Of the woman who sent him thus brokenhearted in mad despair to an early grave he takes leave in some lines of touching intensity of feeling within his final poems, "The Appeal" and "Farewell Sonnet", if not sublime, they are at least full of sad and sincere beauty.
Thus came an end to all the bright and golden visions of a courageous, honest and true heart.

Ms. William Gibson (Smart), after a life of alleged loveless comfort, followed by a lingering illness of two years, died in her 42nd year on 22 January 1840 at Castlested in Montrose whilst crying out the name of the man who had given her his heart, George Beattie. She was buried in Rosehill Cemetery of Montrose.

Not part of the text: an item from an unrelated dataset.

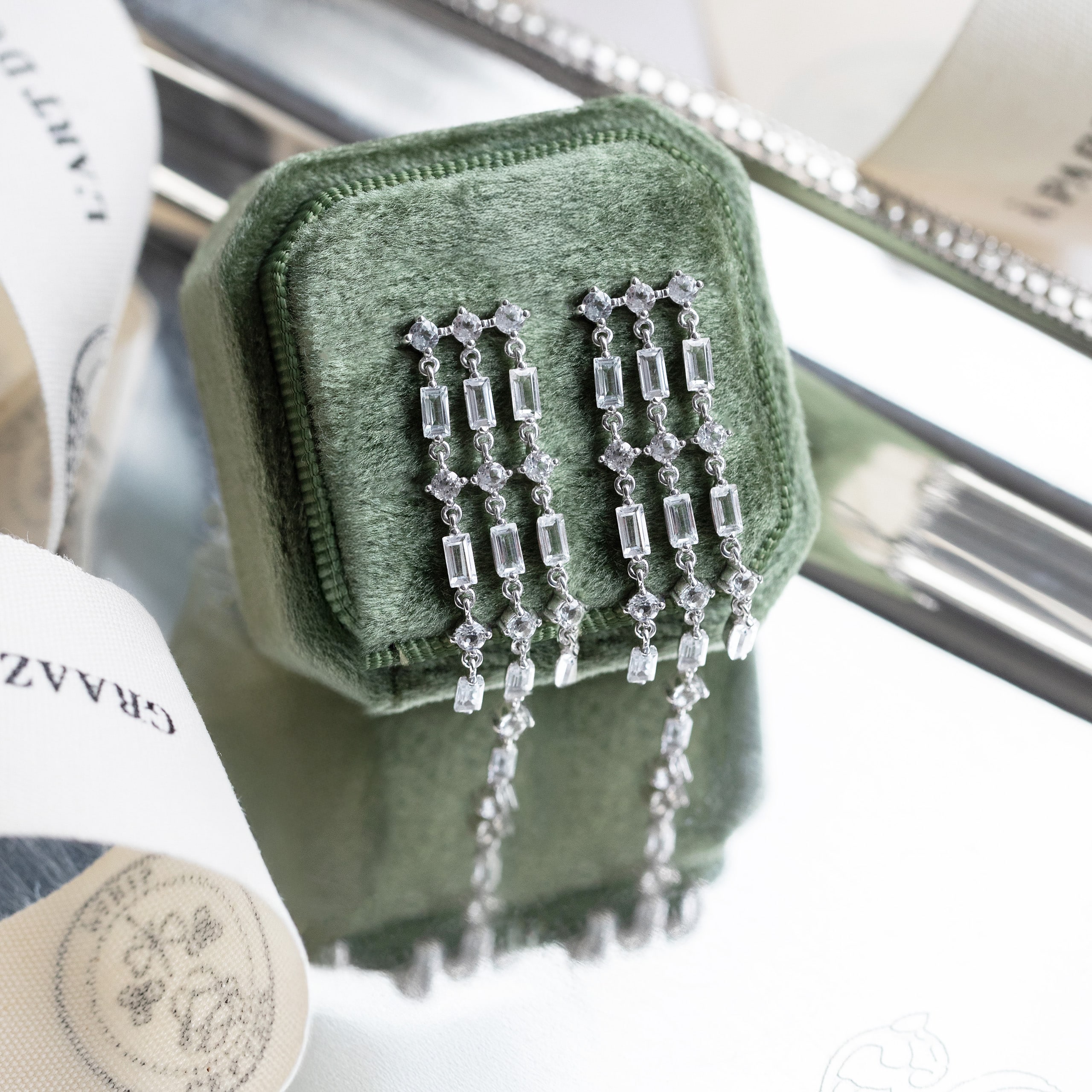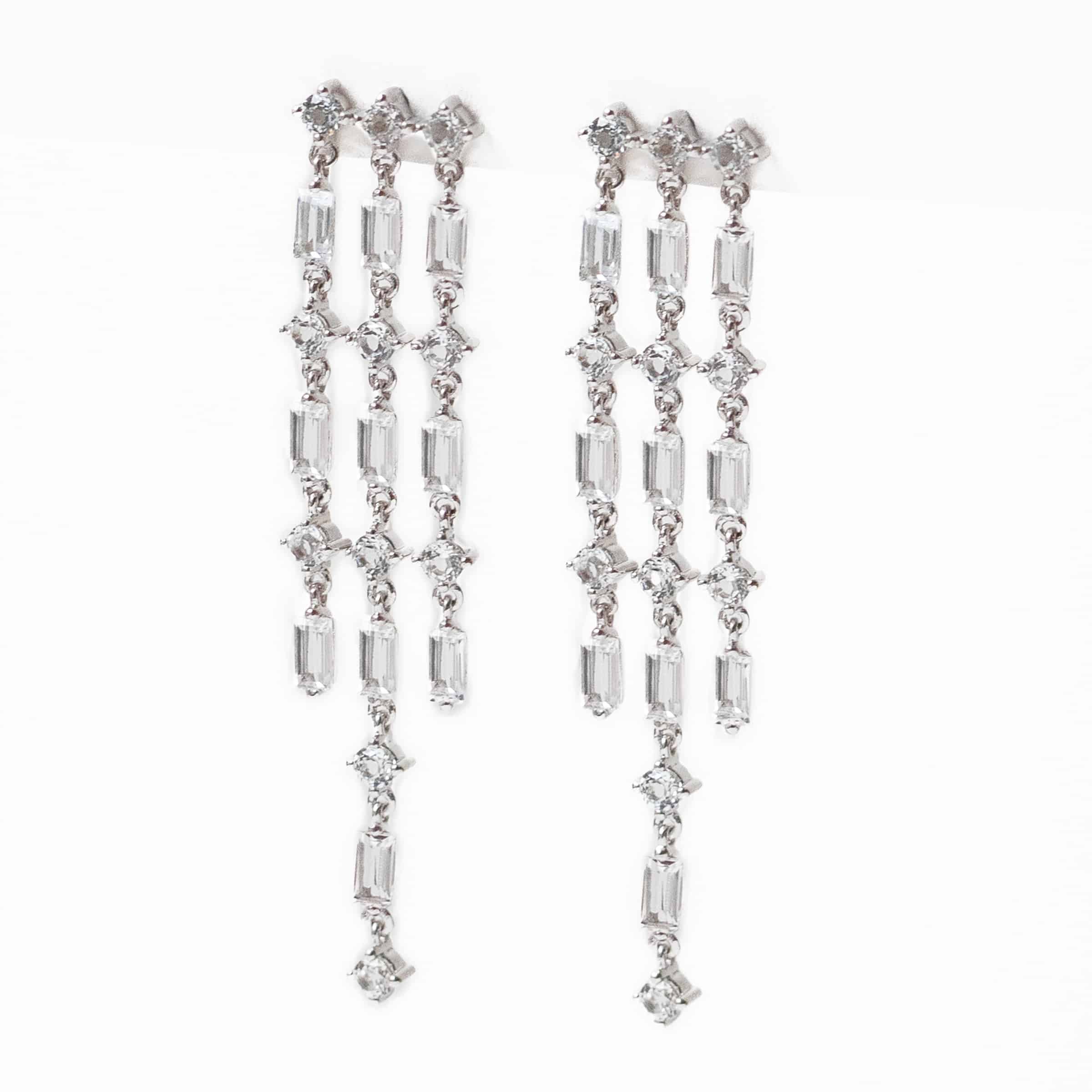 Boucles d'oreilles pendantes serties de topazes blanches véritables taille baguette et brillant. Ce bijou est en argent massif 925/1000e (métal précieux).

Since his death, his poems, accompanied with a memoir, went through several editions.

===Obituary===

The author of the 1863 biography, 'George Beattie of Montrose - a poet, a humourist, and a man of genius' was A.S. Mt. Cyrus, M.A., this name being a pseudonym for an Andrew Smith of Lauriston Mains, who went to the South African Province of Natal, and eventually died in Queenstown, South Africa in 1898 of heart disease, in his early 70s.
He was a native of St Cyrus and an avid follower of the works of the Rev. Dr. Alexander Keith.
He was also lifelong friends with Dr. Keith's sons.
Andrew Smith had three brothers: the Hon. Charles Abercrombie Smith, a vice-chancellor of the University of the Cape of Good Hope; the Rev. David Smith and the Rev. Robert Smith of Carsock. He also had a sister who was the wife of the Rev. W. R. Thomson of Balfour.

Grave of George Beattie

===Farewell Sonnet===

FAREWELL, maid, thy love has vanish'd,
Gone off like the morning dew;
Farewell, maid, my peace is banish'd,
Adieu! a sad, a long adieu!

Weary world, I now must leave thee;
Sun and moon, a long farewell;
Farewell, maid, no more I'll grieve thee,
Soon you'll hear my funeral knell.

Soon the lips that oft have kiss'd thee,
Mouldering in the dust will lie;
And the heart that oft hath blessed thee,
Soon must cease to heave a sigh.

Soon the tongue that still rehearses
All thy beauty, fickle fair,
Soon the hand that writes these verses
Shall to kindred dust repair.

Friends that constant were, and true aye,
Fare-you-well, my race is run;
Heartless, lorn, benighted, weary,
Every earthly hope is gone.

Gloomy grave, you'll soon receive me,
All my sorrows here shall close;
Here no fickle fair shall grieve me;
Here my heart shall find repose.

==Bibliography==
- Andrew (Alexander) Smith, (ed) George Beattie of Montrose: a poet, a humourist, and a man of genius, W. P. Nimmo, 1863. (Public Domain)
- Barry Dominic Graham & John Molloy, (ed) George Beattie: A Poet Lost in Time, 2013.
- Barry Dominic Graham & John Molloy, (ed) Maelstrom: The George Beattie Conspiracy, 2014.
- Barry Dominic Graham, (ed) Blood Beyond the Rose: The George Beattie Story, 2016.